Schwierig war dann jedoch die Phase auf dem Flughafen in Peking. Wir sind dort um 3.00 Uhr morgens deutscher Zeit angekommen. Da hätte ich natürlich noch gerne geschlafen. Das ging aber nicht, weil wir doch einiges zu tun hatten. Zuerst mussten wir durch den Zoll. Und da waren die Chinesen sehr gründlich, die haben sich unser Pässe und Akkreditierungen, die als Visum gelten, ganz genau angeschaut. Danach mussten wir unsere Akkreditierungen frei schalten lassen. Ohne diese Validierung würde man nicht in den Mannschaftsbus, ins Hotel, auf den Trainingsplatz, ins Stadion oder sonst wohin kommen. Anschließend sind wir mit einer Bahn bis ans andere Ende des Flughafens gefahren, um dort unser Gepäck aufzunehmen. Nur um es 100 Meter weiter für den Inlandsflug nach Shenyang wieder einzuchecken. Als wir das dann hinter uns gebracht hatten, durften wir noch einmal durch eine Passkontrolle bei der unser Handgepäck sehr sorgfältig durchleuchtet wurde. Naja, so ging wenigstens schon ein Großteil unserer fünf Stunden Wartezeit drauf. Den Rest haben wir dann bei einem Nickerchen am Gate verbracht.

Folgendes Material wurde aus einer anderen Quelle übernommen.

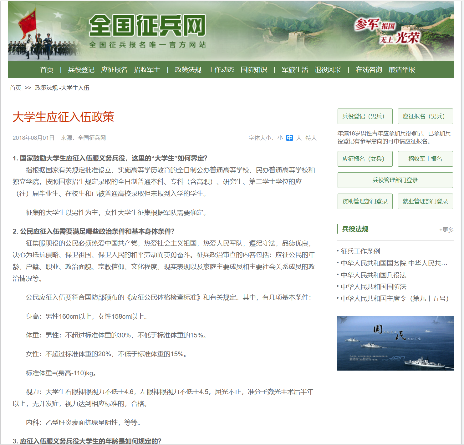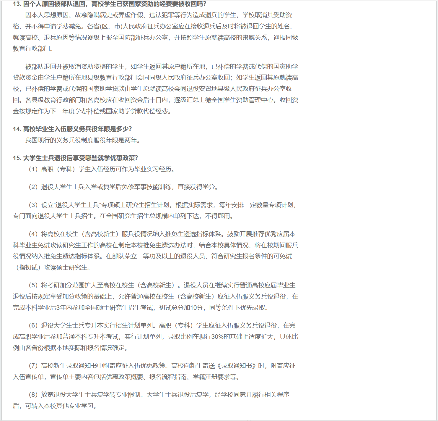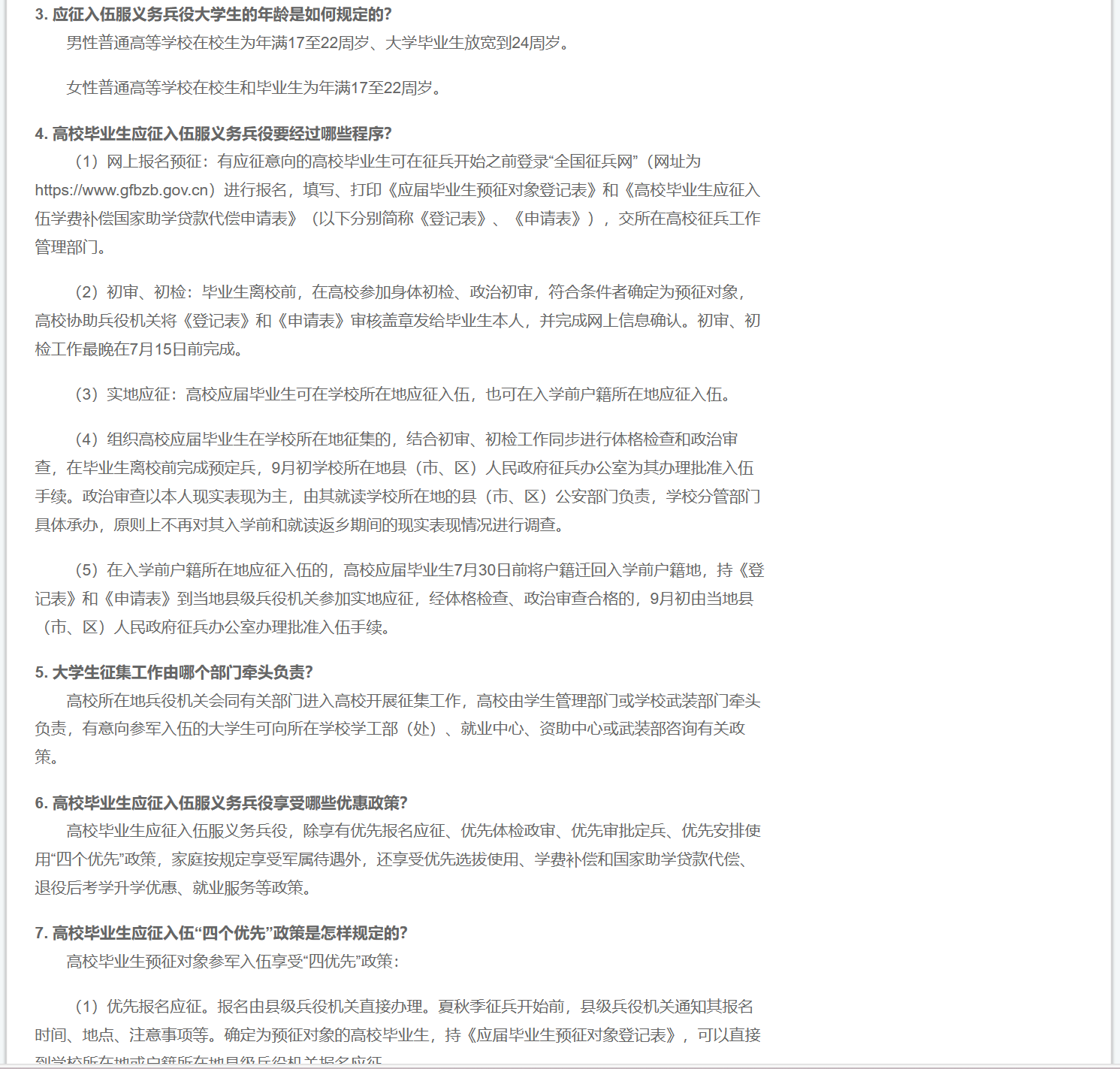 以下是大学生应征入伍政策: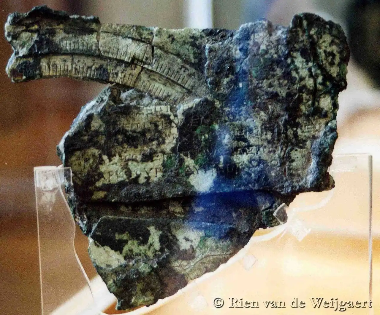 Наконец, на тонкой бронзовой пластине, прикрывающей передний циферблат, находилась т.н. «парапегма» — астрономический календарь с указанием восходов и заходов отдельных звезд и созвездий, обозначенных греческими буквами, корреспондирующими с теми же литерами на зодиакальной шкале.

Eineinhalb Stunden hat schließlich der Flug nach Shenyang gedauert. Dort hat uns nicht nur Regen, sondern auch eine ordentliche Gruppe Fotografen und Kameraleute begrüßt. Zum Glück hat der Transport vom Flughafen zum Hotel nicht mehr so lange gedauert. Das Hotel sieht ganz schön aus. Es ist gepflegt. Verfügt über 25. Stockwerke. Macht einen guten Eindruck, obwohl ich bisher kaum mehr als mein Zimmer, den Essensraum und die Lobby gesehen habe. Das lag daran, dass wir noch Programm hatten. Nach einem Snack hatten wir noch ein leichtes Training. Um die müden Beine ein wenig zu bewegen. Nach dem Abendessen ging es dann sofort ins Bett. Ich habe mich schon um 21.00 Uhr hingelegt – und hatte kein Problem einzuschlafen.

Morgen gibt es dann weitere Neuigkeiten.